Sunday, February 17, 2008

ollantaytambo, aguas calientes

Wunderteam update: The Fellowship is breaking, Frodo! No, it`s cool. Linda stays in Cusco to do her volunteer practicum thing for a month or so. Lena and Alex have decided to extend their stay in Cusco so that they can keep on salsatanzen and go to the Inka Trail when it opens at the start of March.

About the author:
I, the person with the dual time/money limitation, hear the rumor that all the transport workers will start a huelga at the beginning of this coming week, and set out this morning dead-set on making it to Machu Picchu. Judith, also under the time restriction of having to see things and somehow make it to her Buenos Aires to Colorado flight in a week and a half, comes along. We break the cardinal ¨book ahead of time¨ rule and take a precarious high-speed taxi ride, shared with a German guy, through the beautiful green valleys between Cusco and Ollantaytambo.

Adventure
At Ollantaytambo, we eat a trout lunch and climb up the terraced Inka fortress that once set the stage for a major Inca victory over the Spanish, wherein they flooded the ground below and threw things at the Spanish until they went away. There we meet an eccentric Brasilian flute player wearing medieval boots, who dances and riffs on the beautiful acoustics of the ancient rocks.

We then board a train that takes us through a valley so deep that we have to stick our heads out of the window to see the sky for most of the ride. It is lush, green, almost jungle-like, nothing like the dry Andean route my imagination had painted for me. We share the ride with two Chilean doctoral students and compare notes on Peruvian literature.

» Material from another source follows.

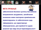 Альона ЛІСОВА, спираючись на власний професійний досвід, роз’яснила порядок і особливості застосування норм, що регулюють кримінально-виконавчі правовідносини у сфері пробації. Вона розповіла, що система пробації в Україні охоплює наглядові, виховні та соціально-профілактичні заходи, спрямовані на виправлення правопорушників без ізоляції від суспільства. Її головна мета – ресоціалізація осіб, які вчинили злочин, і зниження рівня повторної злочинності.
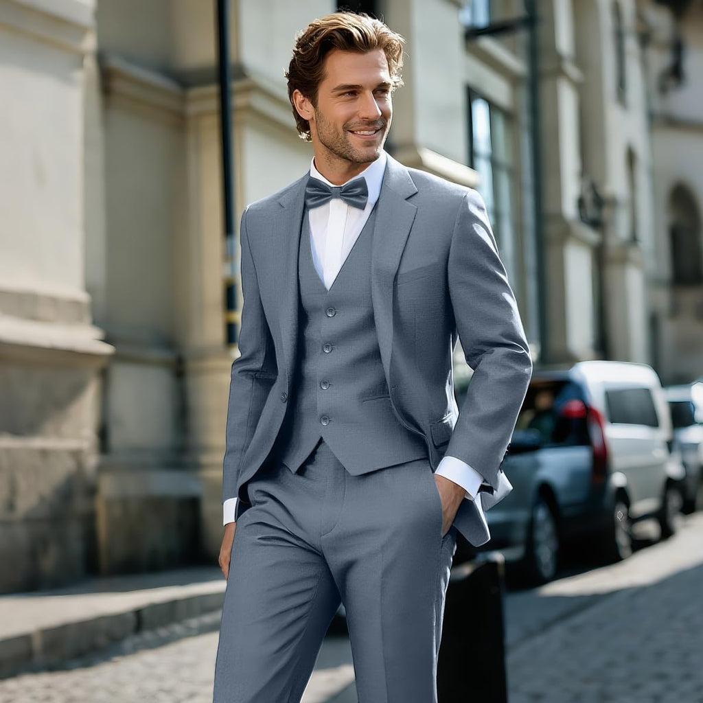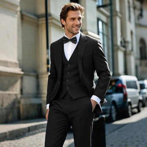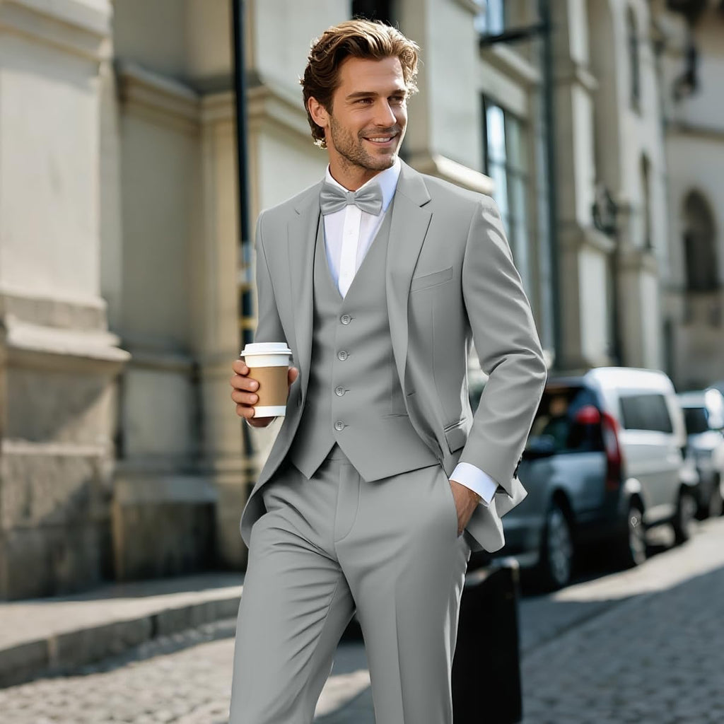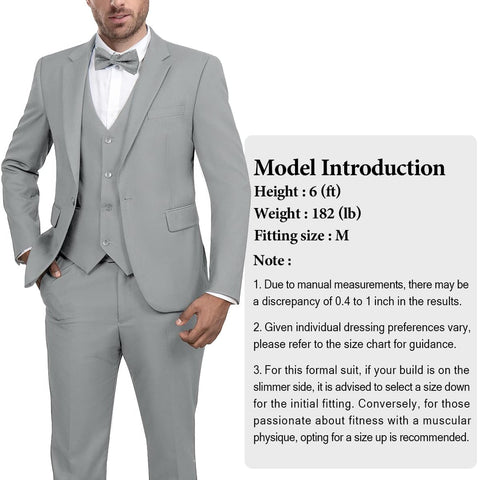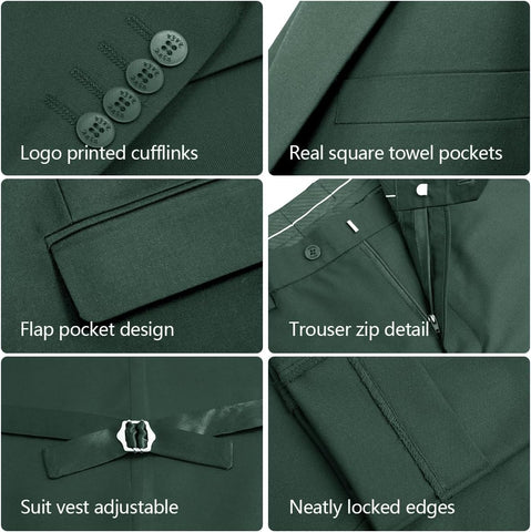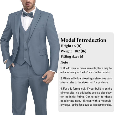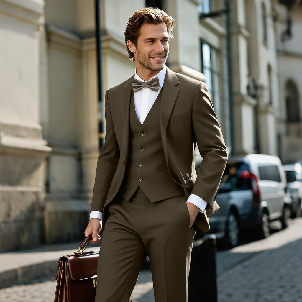 Men's 3-Piece Suit for Men Slim Fit Single Button Blazer Jacket Vest Pants Set Banquet Prom Wedding Business Party

I am now in the impossibly touristic Ewok village that is Aguas Calientes. At 4:30am I`ll wake up, eat, and board the 5:30am bus that will take us up to Machu Picchu, lo máximo, the tourist site to beat all tourist sites, the archeological capital of the Western Hemisphere, the ancient ruins that tell Stonehenge, ¨Ché flaquito, vos sos un tarado.¨ (My Machu Picchu speaks porteño.)

Photos to come.

2 comments:

Melinda Bennington said...

OK, Charly, using all the translation means at my disposal, I cannot accurately translate your last line. I gathered it was something like, "Hey Stonehenge, old buddy, who thinks it's so old, you're a gunky" Please translate/explain for the unilinguals!
Have fun! :-)

Melinda Bennington said...

PS: Hey, what happened to the beautiful pictures of Peru?